- Location: Rome, Tennessee, U.S.
- Date: March 15, 1901; 125 years ago
- Attack type: Lynching
- Victim: Ballie Crutchfield
- Perpetrator: White mob
- Motive: Revenge for an alleged theft committed by the victim's brother, racism against African Americans

= Lynching of Ballie Crutchfield =

1901 murder of a Black woman in Tennessee

On March 15, 1901, an African American woman named Ballie Crutchfield was lynched by a white mob in Rome, Tennessee. The mob had tried to murder her brother earlier that night, but was unsuccessful and took vengeance on his sister Ballie - she was bound, shot, and thrown into a creek.

==Background and events==
The week before the murder, rumors spread that a white man in Rome had lost wallet containing $120, had been found by a Black child and given to a Black man, William Crutchfield. Accused of theft, Crutchfield was quickly arrested and thrown in jail. A white mob sprang him from jail but he escaped as they tried to lynch him. When they couldn't find him, the mob took vengeance on Crutchfield's sister. She was taken out of town, and with her hands tied behind her back, she was shot and thrown into a creek.
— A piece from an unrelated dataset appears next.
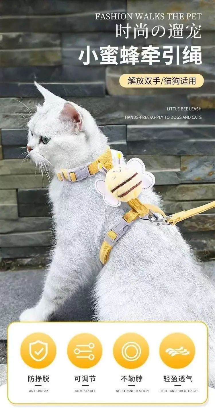 | Description | 猫咪蜜蜂牵引绳外出防脱工字可调节宠物专用布偶泰迪小型犬牵引绳;;颜色分类:春日小蜜蜂+1.8米牵引;适用尺码:标准 |

Her body was removed from the creek the next morning. Nobody was prosecuted for the murder; the New-York Tribune wrote on March 16, 1901, "The Coroner's jury found the usual verdict that the woman came to her death at the hands of parties unknown."

==Legacy==
The Sacred Heart Review reported and commented on the lynching on March 23, 1901:
It is a very dull week indeed that does not now bring in the news that a negro has been lynched in some corner of our great, freedom-loving country, where all men are created free and equal, and where education and enlightenment is so far advanced that there is never the least difference made in dealing out justice to white man or negro. The excuse offered by those addicted to the lynching habit is that it is the only form of justice that is swift, sure and appropriate punishment for the crimes against white women which negroes are said to be most prone to commit. But sometimes lynching is visited upon negroes who are accused of other crimes. For instance, last week a negro woman named Ballie Crutchfield was shot to death near Rome, Term., by a mob, on suspicion that she was concerned in the theft of a pocketbook containing $120, lost by Walter Sampson a week ago. The pocketbook had been found by a brother of the woman. He was arrested, but escaped from the lynching mob, who became enraged and killed the woman instead.

Crutchfield's murder is one of the many lynchings remembered at the National Memorial for Peace and Justice in Montgomery, Alabama.